Write out the data word for word, taking care that no picture is carried over.

* Data below
☆ ☆ ☆ ☆
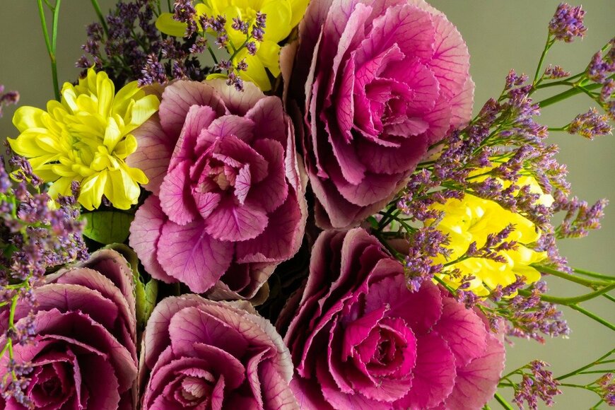 茎が長いハボタンは他の花とも生けやすく、手軽にお正月の雰囲気を出しやすいでしょう。ポンポン咲きのキクなどと数本で生けると可愛らしい雰囲気に。マツやナンテンなどと生けると、お正月のムードが高まります。
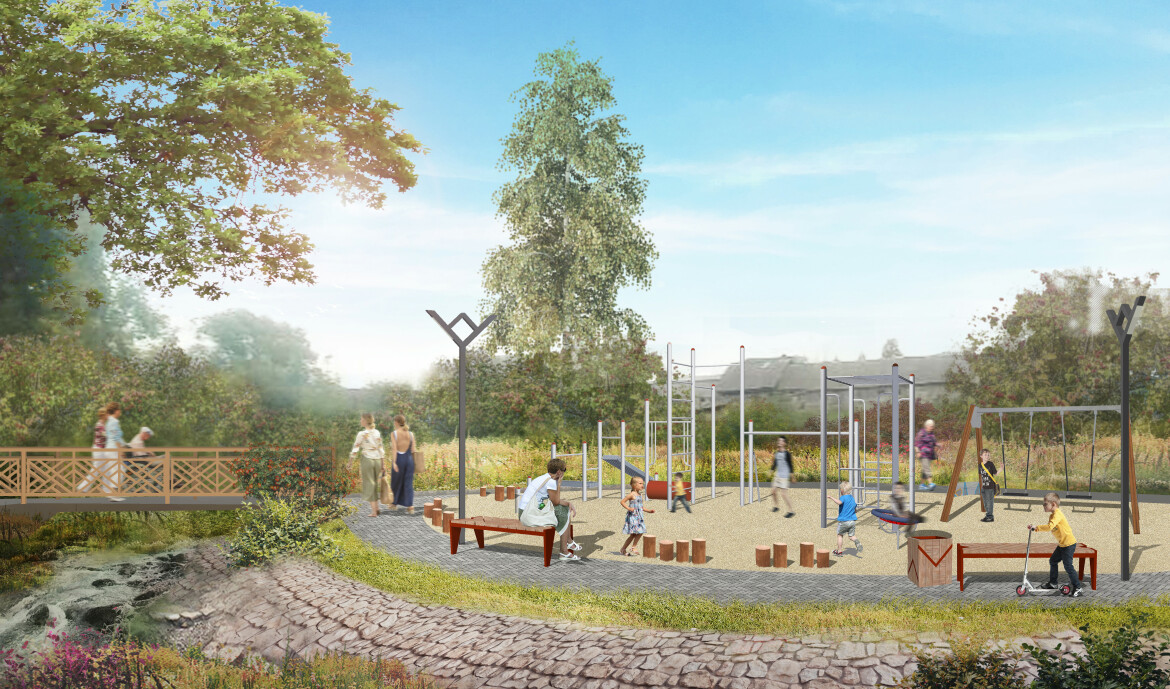 В планах реализовать уникальную площадку: там будет сухой фонтан, зеленый холм и песчаное покрытие — так, площадка будет вызывать разнообразные тактильные ощущения и способствовать всестороннему развитию детей. Помимо этого, появится декоративный фонтан, памп-трек для подростков, а также лаундж-зона для спокойного отдыха родителей и пожилых жителей.
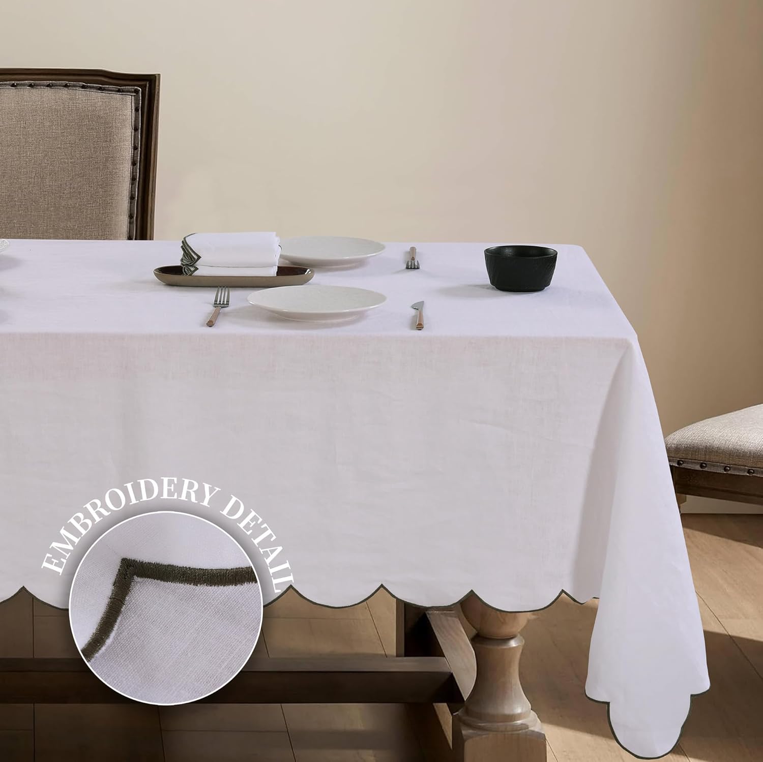 100% French Flax Linen Tablecloths Scalloped Embroidery Rectangle 120Lx60W Inch for Dinners, Parties, Spring, Machine Washable, 10-12 Sets, White(Edges-Green)
☆ ☆ ☆ ☆
* Task solution
 茎が長いハボタンは他の花とも生けやすく、手軽にお正月の雰囲気を出しやすいでしょう。ポンポン咲きのキクなどと数本で生けると可愛らしい雰囲気に。マツやナンテンなどと生けると、お正月のムードが高まります。
 В планах реализовать уникальную площадку: там будет сухой фонтан, зеленый холм и песчаное покрытие — так, площадка будет вызывать разнообразные тактильные ощущения и способствовать всестороннему развитию детей. Помимо этого, появится декоративный фонтан, памп-трек для подростков, а также лаундж-зона для спокойного отдыха родителей и пожилых жителей.
 100% French Flax Linen Tablecloths Scalloped Embroidery Rectangle 120Lx60W Inch for Dinners, Parties, Spring, Machine Washable, 10-12 Sets, White(Edges-Green)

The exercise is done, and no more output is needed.